With regard to the exergames used in the program, we should indicate that in Litesport’s Boxing modality, improvements can be perceived in all the parameters analyzed except Good Hits, which shows a slight worsening between the start and end of the program (96.73 ± 3.39 vs. 95.73 ± 5.47). The parameters of Score (1644.63 ± 782.77 vs. 3851.47 ± 2050.13), Beststreak (best streak of good hits) (137.46 ± 79.57 vs. 203.80 ± 112.69) and Calories (13.73 ± 5.50 vs. 27.07 ± 13.32) stand out. In the Total Body modality, improvements were observed in all the parameters analyzed, especially in the results of Score (4368.60 ± 1904.71 vs. 7924.30 ± 3124.82), Beststreak (81.90 ± 66.01 vs. 153.60 ± 75.51), Calories (21.30 ± 10.89 vs. 37.10 ± 6.45) and Ropeswings (good and fast rope movements) (71.88 ± 24.44 vs. 92.91 ± 11.81), where the improvements were most noticeable. The data obtained from the exergame Beat Saber at the beginning and end of the training program show improvements in all the parameters analyzed, particularly Good Cut (97.41 ± 2.57 vs. 98.72 ± 1.27), Score (104,404 ± 27,469 vs. 127,936 ± 21,068) and Rank, between the first and last session. In the analyzed parameter Rank (classification), we noticed that at the beginning of the training program no participant obtained the maximum rank, SS, and 46.7% of participants achieved rank A, which was the third-best score. However, at the end of the training program, 10% obtained the maximum SS rank score and 50% of the participants achieved the S rank, which was the second-best score.
Table 1 shows the intergroup (t student) and intragroup (MANOVA 2 × 2) results obtained for the medicine ball test, speed test and points-to-goal/accuracy test. If we focus on the experimental group, in the medicine ball test, which evaluates upper body strength, speed and accuracy (points to goal), significant improvements are shown after 8 weeks of intervention (3.86 ± 0.68 vs. 4.06 ± 0.67); (2.26 ± 0.28 vs. 2.44 ± 0.27); (820.00 ± 794.12 vs. 1630.00 ± 854.66). Regarding the data analysis carried out on the control group, we observed worsening in the parameters analyzed, with significant worsening being perceived for the speed test (2.26 ± 0.22 vs. 2.03 ± 0.19). The multivariate analysis reflected differential effects in favor of the experimental group.

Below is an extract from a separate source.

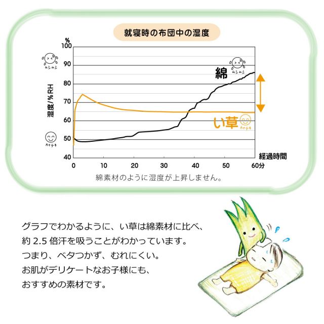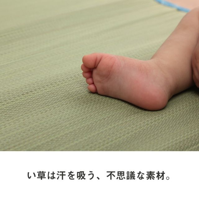 "安心の「日本製」で作ったベビー用い草シーツです。い草最大産地である九州産のい草を使用しております。洋室にも合うオシャレなデザイン。い草には汗などのジメジメ感を軽減する吸湿性と抗菌防臭などの効果があります。い草には汚れにくい性質があるので、定期的に乾いた雑巾や掃除機でゴミを取り除き、日陰干しをするだけで、お手入れ完了です。"

Table 2 shows the data obtained after the development of the coordination training program in IVR environments. We observe that this program obtained high positive experiences (2.66 ± 0.94) and provoked a high physical effort (1.27 ± 0.77) generating reduced adverse symptomatology, indicating that it is a usable and safe program.
In Figure 3 and Figure 4 we can observe the associations between the throwing accuracy test (pts) and both the sprint speed test (s) and the upper body strength levels (m), taking into account the initial and final moments of each group. In the figures we can see how higher or lower levels of strength or speed imply lower throwing accuracy. That is, there is an intermediate interval of strength and speed in which greater throwing accuracy is achieved. These results can be observed in both groups; however, the throwing accuracy levels (pts) are higher in the experimental group than in the control at the final moment.

4. Discussion

The aim of the present study was to define a coordination training program developed in IVR environments and to evaluate its effect on manual accuracy in a school population.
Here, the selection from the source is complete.